Originally, the aim of the screening procedure was to identify subjects with hyperinsulinemia (serum fasting insulin >15 μU/ml and/or postchallenge insulin >45 μU/ml at 120 min after 75 g glucose) because hyperinsulinemia is one of the characteristic features of metabolic syndrome and can contribute to accelerated cardiovascular events (6). In our screening procedure, subjects of both sexes (aged 20–65 years) were referred to our center by general practitioners, and at least one of the following clinical characteristics was applied for inclusion: hypertension (subjects with actual blood pressure ≥140/90 mmHg [mean of three consecutive values] or with antihypertensive treatment irrespective of actual blood pressure measurement); obesity (BMI >30.0 kg/m2); elevated waist-to-hip ratio (WHR; >0.85 in women and >0.90 in men); or positive family history of diabetes, obesity, hypertension, or cardiovascular events. Known diabetic patients were excluded from the study. Anthropometric data and blood pressure values were registered, fasting blood samples were taken, and an oral glucose tolerance test with 75 g glucose was performed. Subjects were classified according to the categories of glucose intolerance (World Health Organization criteria) based on postchallenge 120-min glucose values, and normo- and hyperinsulinemia were based on the plasma insulin values measured. Education levels (low: primary school; middle: high school; high: university) of screened subjects were assessed by questionnaires.

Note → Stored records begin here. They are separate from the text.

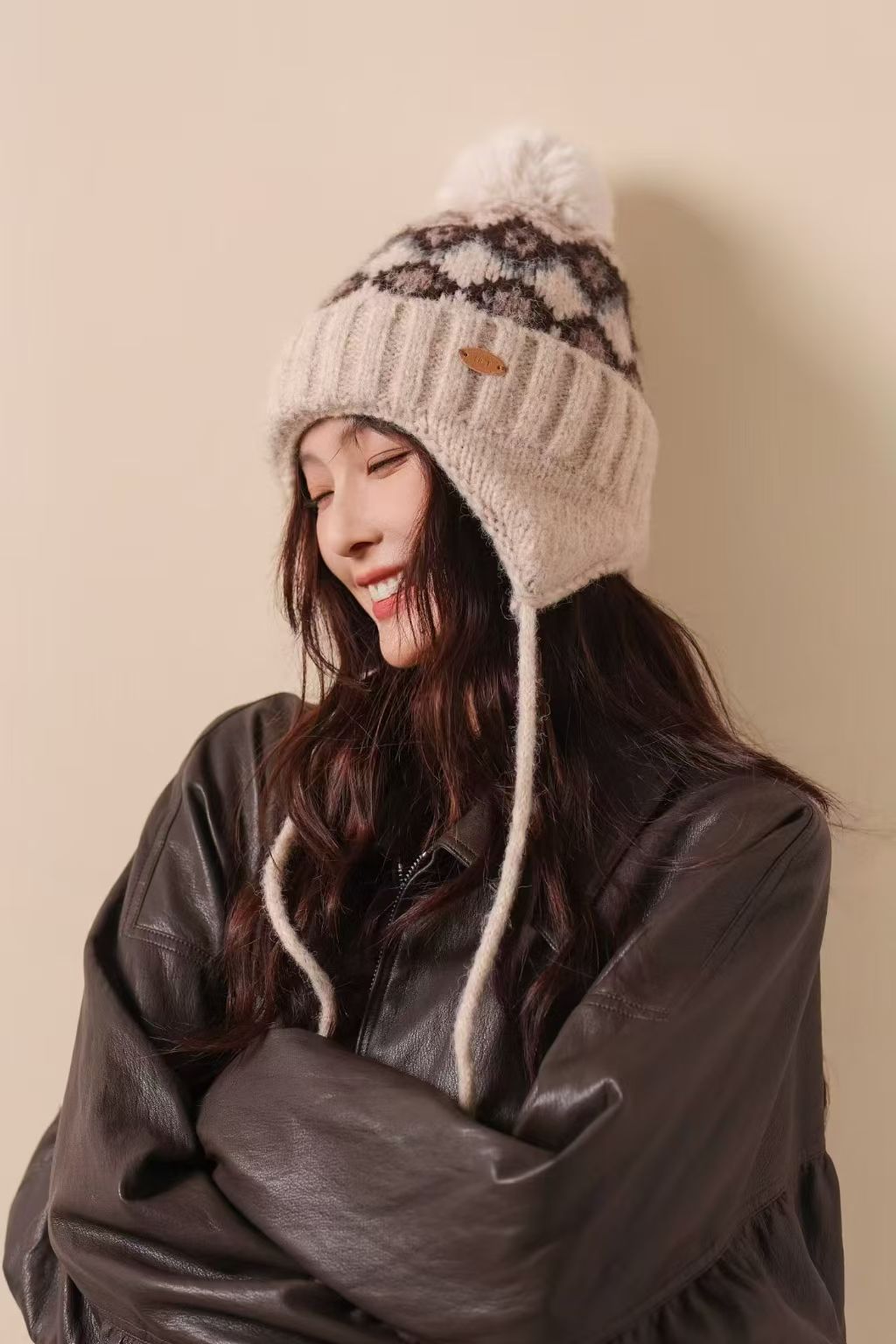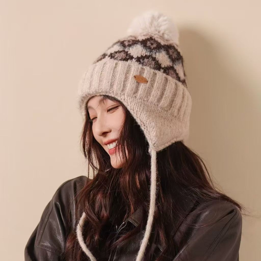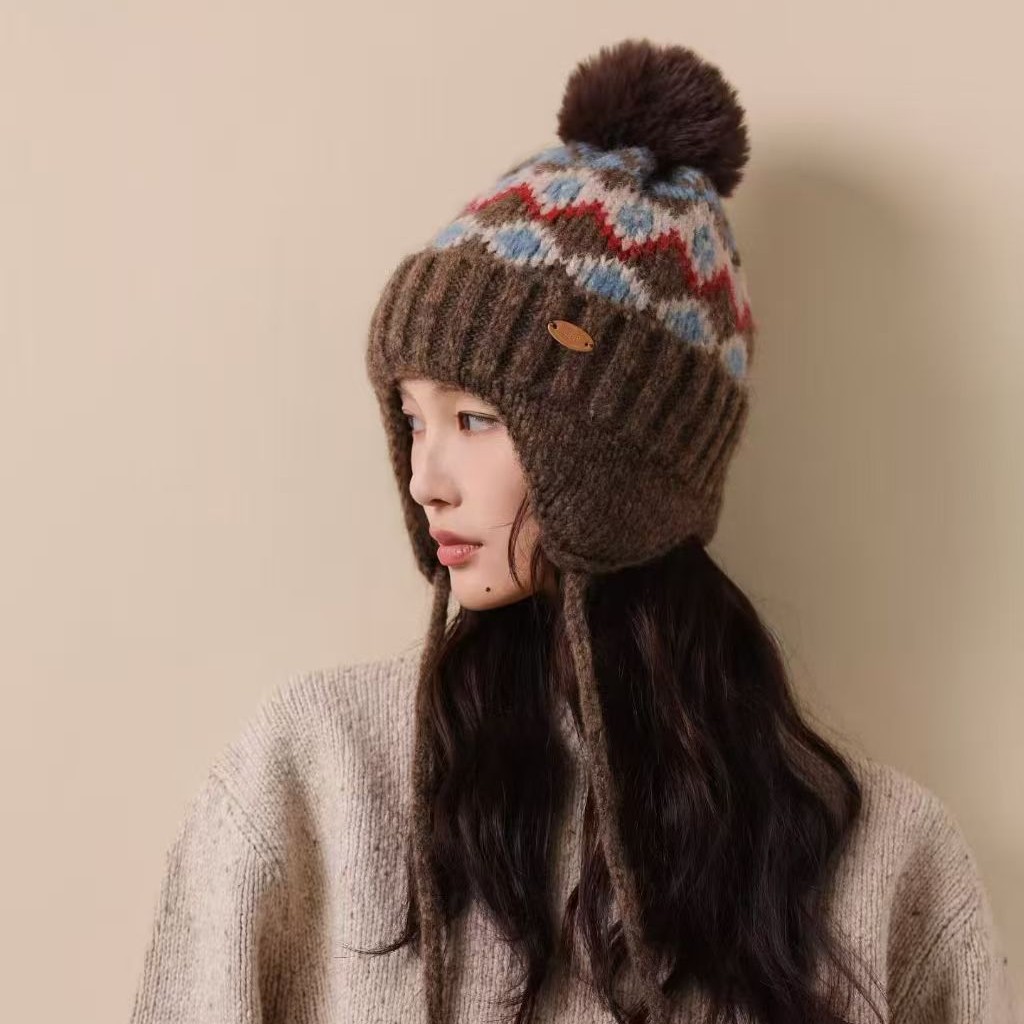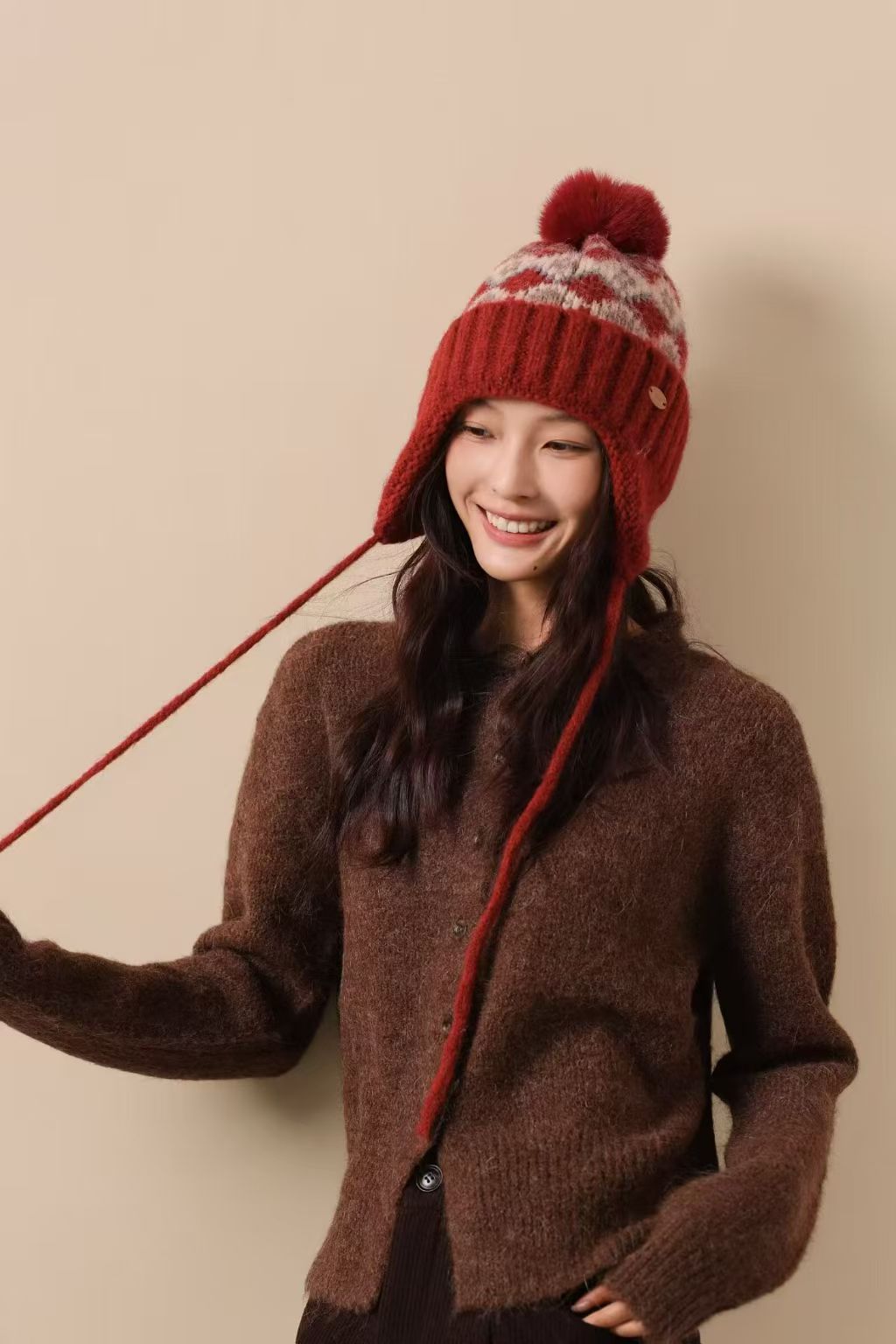费尔岛风帽子秋冬防风保暖针织毛线帽男女红色加厚骑车护耳雷锋帽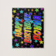 Cette conception amusante et animée de puzzle sur le thème de l'anniversaire comprend le message "HAPPY BANTHDAY, DONNA" avec les personnages ayant un spectre arc-en-ciel coloré inspiré motif dégradé, ainsi qu'un passionnant motif arrière - plan de champ étoile. Un puzzle coloré comme celui-ci pourrait être une façon amusante d'envoyer des salutations d'anniversaire à quelqu'un nommé Donna. [~Z0000468]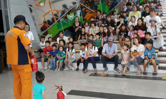 김천시(시장 김충섭)는 지난 7월 31일 김천녹색미래과학관 자위소방대원 및 아포소방서 119안전센터와 함께 관람객 안전과 시설물 안전 관리를 위한 합동 소방훈련을 실시했다.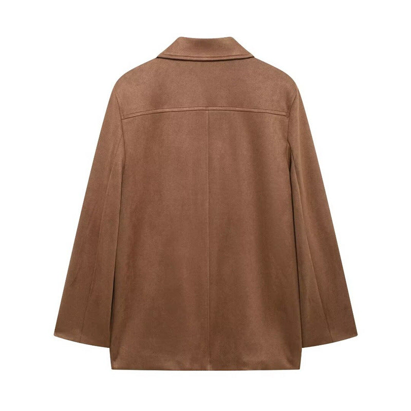 Imitatie-suède blazer en korte rok tweedelige set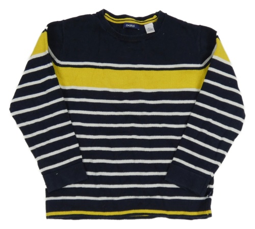 Tmavomodro-bílo-žlutý lehký svetr s pruhy Okaidi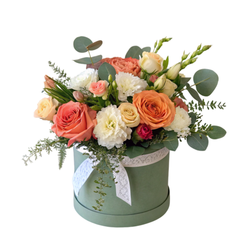 Celebrate Mom with this beautiful arrangement of roses, lisianthus, and carnations, accented with lush greenery in a stylish box container. To make her day even sweeter, enjoy a complimentary bag of premium toffee. A perfect way to show your love and appreciation this Mother’s Day!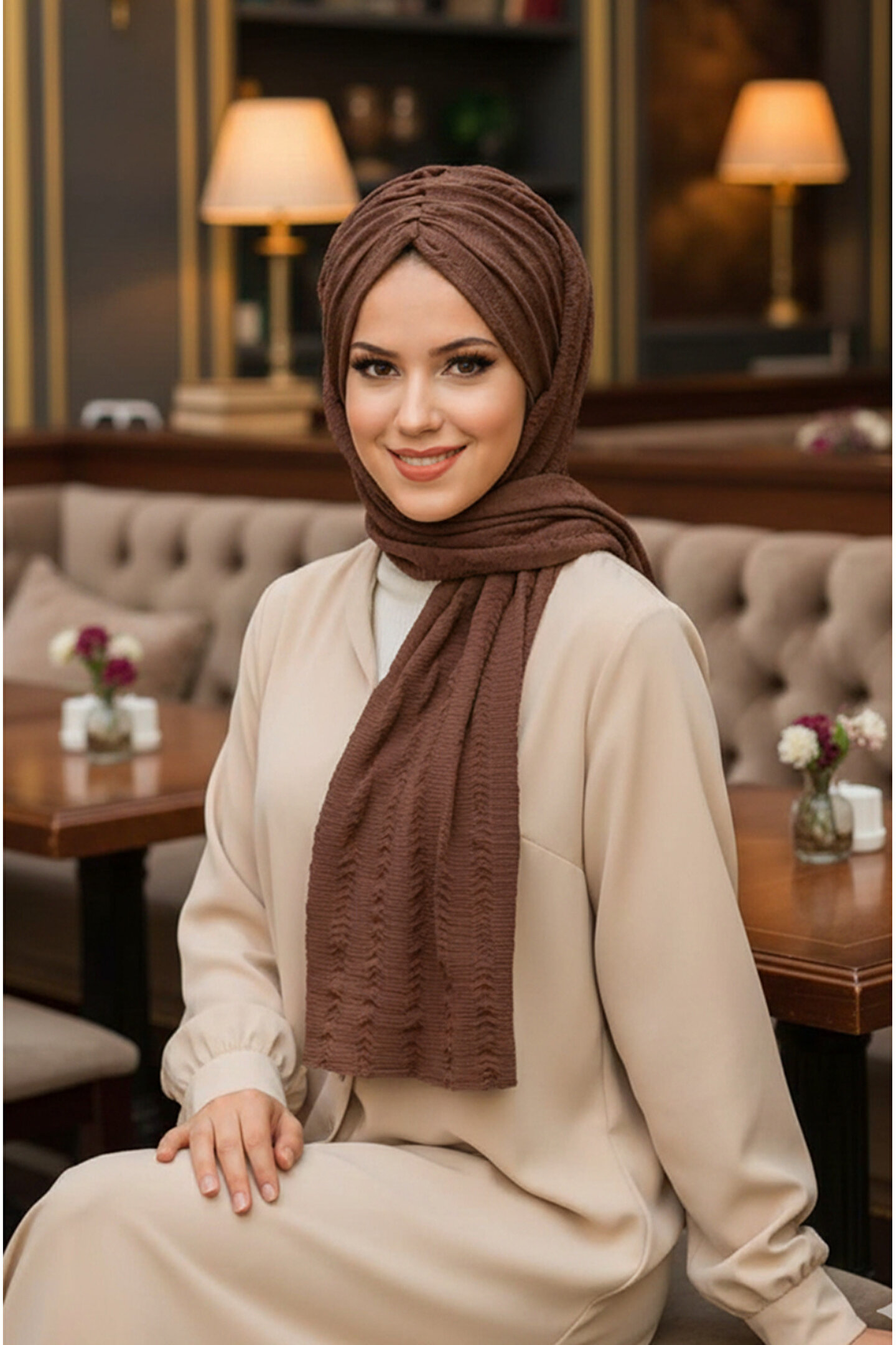 Kahve Kelebek Model Büzgülü Hazır Şal Tak Çık Modeliyle Çok Şık

In the total cohort (n = 1,002; 590 women and 412 men), the prevalence of women with lower education level was significantly higher than that of women with high education level, and, in addition, the prevalence of men with lower education level was significantly lower than that of men with high education level. Although the ages of the subjects in the subgroups were comparable, both BMI and the prevalence of hypertension were significantly higher in subjects with low education level compared with those with high education level. The laboratory data and the prevalence of hyperinsulinemia (total 51.3%), different categories of glucose intolerance (total prevalence of impaired glucose tolerance [IGT] = 13.6%; diabetes = 9.1%), and positive family history (total 90.6%) did not differ significantly in subgroups classified according to education level (Table 1). A further analysis regarding sex and education level indicated that women with low education level (n = 223) had significantly higher values (means ± SD) for BMI (32.96 ± 5.79 kg/m2) as well as elevated WHR (0.87 ± 0.06) compared with women with middle education level (n = 281; BMI: 31.35 ± 5.52 kg/m2; WHR: 0.85 ± 0.07; P < 0.001) or high education level (n = 86; BMI: 30.40 ± 5.45 kg/m2; WHR: 0.83 ± 0.07). Men with low education level (n = 114) had significantly higher BMI (32.98 ± 4.79 kg/m2) and elevated WHR (0.97 ± 0.07) compared with men with high education level (n = 86; BMI: 30.35 ± 4.46 kg/m2, P < 0.001; WHR: 0.95 ± 0.08, P < 0.05). Laboratory findings did not differ significantly in subgroups classified according to sex and education level (data not shown).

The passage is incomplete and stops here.